Hands-on projects that walk you through building real applications with BOA. Each tutorial has two tracks — pick the one that fits you.

Track A — Non-Developers

You describe what you want in plain English. An AI assistant (Claude, ChatGPT, Copilot, etc.) generates the entire project for you. You just run it.

Track B — AI Agents & Developers

You want to understand the architecture: how requirements decompose into blocks, how blocks wire together, and why the framework is designed this way.


All Tutorials


Tutorial 1: Tip Calculator

You’re at a restaurant with friends. You want a tool that takes the bill amount, tip percentage, and number of people — then tells you exactly how much each person pays. Let’s build it.

Beginner Node.js ~15 minutes

What you’ll learn

  • How to create a BOA project from scratch
  • How blocks encapsulate single responsibilities
  • How workflows chain blocks together with data mapping
  • How to test and validate everything with one command

What you’ll build

Two blocks and one workflow:

TipCalculator/
  project.boa ← project overview
  blocks.boa ← block registry
  src/
    DomainBlocks/
      CalculateTip/
        block.boa ← manifest + rules + tests
        index.ts ← implementation
    Primitives/
      SplitBill/
        block.boa
        index.ts
  workflows/
    tip-calculator/
      workflow.boa ← chains blocks together
      input.json ← sample input

The data flows like this:

data flowInput: { billAmount: 85.50, tipPercent: 18, people: 3 }

  CalculateTip  →  tipAmount: 15.39, totalWithTip: 100.89
        |
  SplitBill     →  perPerson: 33.63

Output: Each person pays $33.63
How this works You don’t need to write any code. You’ll describe what you want to an AI assistant, and it will generate the entire project for you. You just run the commands to see the result.

Install the BOA CLI

Open a terminal and run this command. It gives you the boa tool that runs your projects:

bashnpm install -g @boa-framework/core

Verify it worked:

bashboa --help

Create a project folder

Create a new folder and initialize it as a BOA project:

bashmkdir TipCalculator && cd TipCalculator
boa init

This sets up the basic project structure. You now have a project.boa, blocks.boa, and src/ directory ready to go.

Give your AI assistant this prompt

Open this project folder in your AI coding assistant (Claude Code, Cursor, GitHub Copilot, etc.) and give it this prompt:

“I want a tip calculator. It takes a bill amount, a tip percentage, and the number of people. It should calculate the tip, add it to the bill, then split the total evenly. Tell me how much each person pays. Round everything to 2 decimal places. Use Node.js.”

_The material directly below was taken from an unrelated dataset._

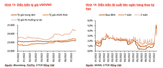 Tóm tắt về diễn biến trong nước trong tháng 7/2022, theo VDSC, NHNN đã tích cực can thiệp thông qua thị trường mở và phát hành tín phiếu để điều tiết thanh khoản tiền đồng trong hệ thống ngân hàng, đồng thời giúp kiềm giữ đà tăng của tỷ giá.

The AI will read your project’s CLAUDE.md (or equivalent instructions), understand the BOA framework, and generate all the blocks, manifests, and workflows automatically.

What the AI generates for you

Behind the scenes, the AI creates two blocks and one workflow. You don’t need to understand the code — just know that it broke your request into small, testable pieces:

  • CalculateTip — takes the bill and tip percentage, calculates the tip amount and total
  • SplitBill — takes the total and number of people, calculates per-person share
  • TipCalculator workflow — connects them: bill flows into CalculateTip, the total flows into SplitBill

Test that everything works

Run the validation command to make sure all the pieces are correct:

bashboa validate

You should see something like:

  Blocks: 2 registered
  Fixtures: 4 passed, 0 failed
  Workflows: 1 valid
  Status: OK All valid

All green. Every block tested itself automatically using the test cases the AI included.

Run it with real numbers

Create a file called input.json in your workflows folder with the numbers you want to calculate:

input.json{
  "billAmount": 85.50,
  "tipPercent": 18,
  "people": 3
}

Now run the workflow:

bashboa run workflows/tip-calculator/workflow.boa --input-file workflows/tip-calculator/input.json

Result

{
  "perPerson": 33.63
}

Each of the 3 people pays $33.63 (bill $85.50 + 18% tip = $100.89, split 3 ways).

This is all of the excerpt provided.